Its name was placed by the planet Pluto, and related by the Roman God of death, it is a very chemically active metal, being composed of all non-metallic elements, it dissolves in acid and reacts to water. Plutonium is produced by burning nuclear fuel in reactors and is used for explosives, being one of the main ingredients in nuclear weapons of mass destruction, its property is suitable for this fatal human purpose; It is rarely used in thermoelectric heat reactors such as spacecraft, meteorological satellites, but as its power is very high, they are studying the possibility of using it as fuel.; however, it is very risky for humans since it can irradiate internal organs when inhaled even though its radiation does not penetrate the skin, causing lung cancer, causing acute poisoning and death.

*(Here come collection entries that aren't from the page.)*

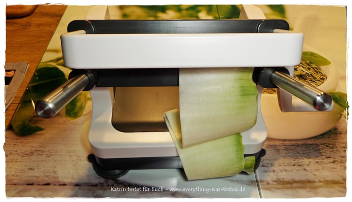 Früher habe ich mühsam mit dem Sparschäler oder Käsehobel ein paar Zucchini- oder Apfelbahnen zu schneiden versucht, was natürlich nicht so gleichmäßig, wie mit dem Bahnenschneider gelingt. Hier spannt man nur das Gemüse oder Obst ein und bekommt in Handumdrehen schöne gleichmäßige superlange Bahnen hin - man kann so viele leckere Gerichte damit zaubern und es sieht auch noch toll aus oder ?
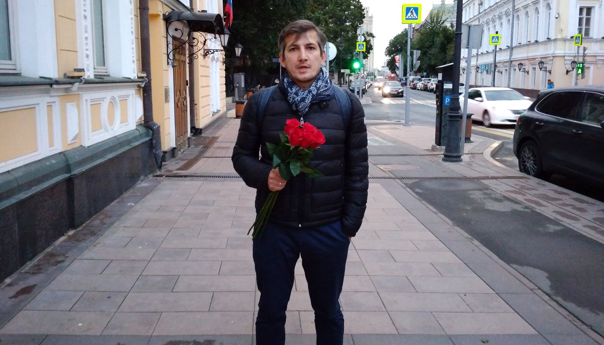 3 сентября около посольства Мьянмы в Москве прошел несанкционированный митинг против преследования мусульман-рохинджа — полиция не стала вмешиваться в его проведение. 8 сентября на том же месте должна была пройти новая акция, но столичные власти отказались ее согласовать. И тогда организатор митинга, журналист и писатель Арслан Хасавов решил явиться туда с одиночным пикетом — он встал возле ограждения рядом с посольством Мьянмы (ближе не пустила перекрывшая улицу полиция; вдоль дороги были припаркованы около десяти автозаков) с букетом красных роз.
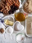 ボウルにA 薄力粉 100g、ベーキングパウダー 2g、オートミール 90g、卵 1個、砂糖 50g、バター 30g、オリーブオイル 40ml 〉を入れて混ぜ合わせる。 |
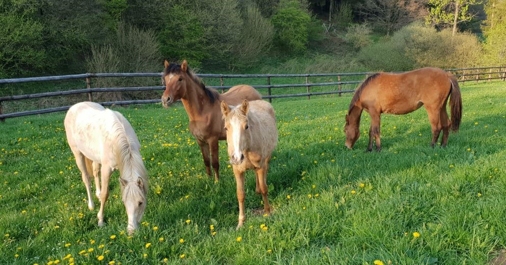 Die jungen Fohlen des Jahrgangs 2018 genießen die saftigen Wiesen und freuen sich, daß der Winter vorbei ist.

The Plutonium has been long used as an explosive, releasing it into the atmosphere by atmospheric tests of nuclear weapons and accidents in those same places of production of weapons, being released into the atmosphere and the air is returned to the land and ends up in the soils, rivers, organic crops, these being the majority since the plants absorb these levels of plutonium, although low levels lead to lesser poisoning of animals and humans.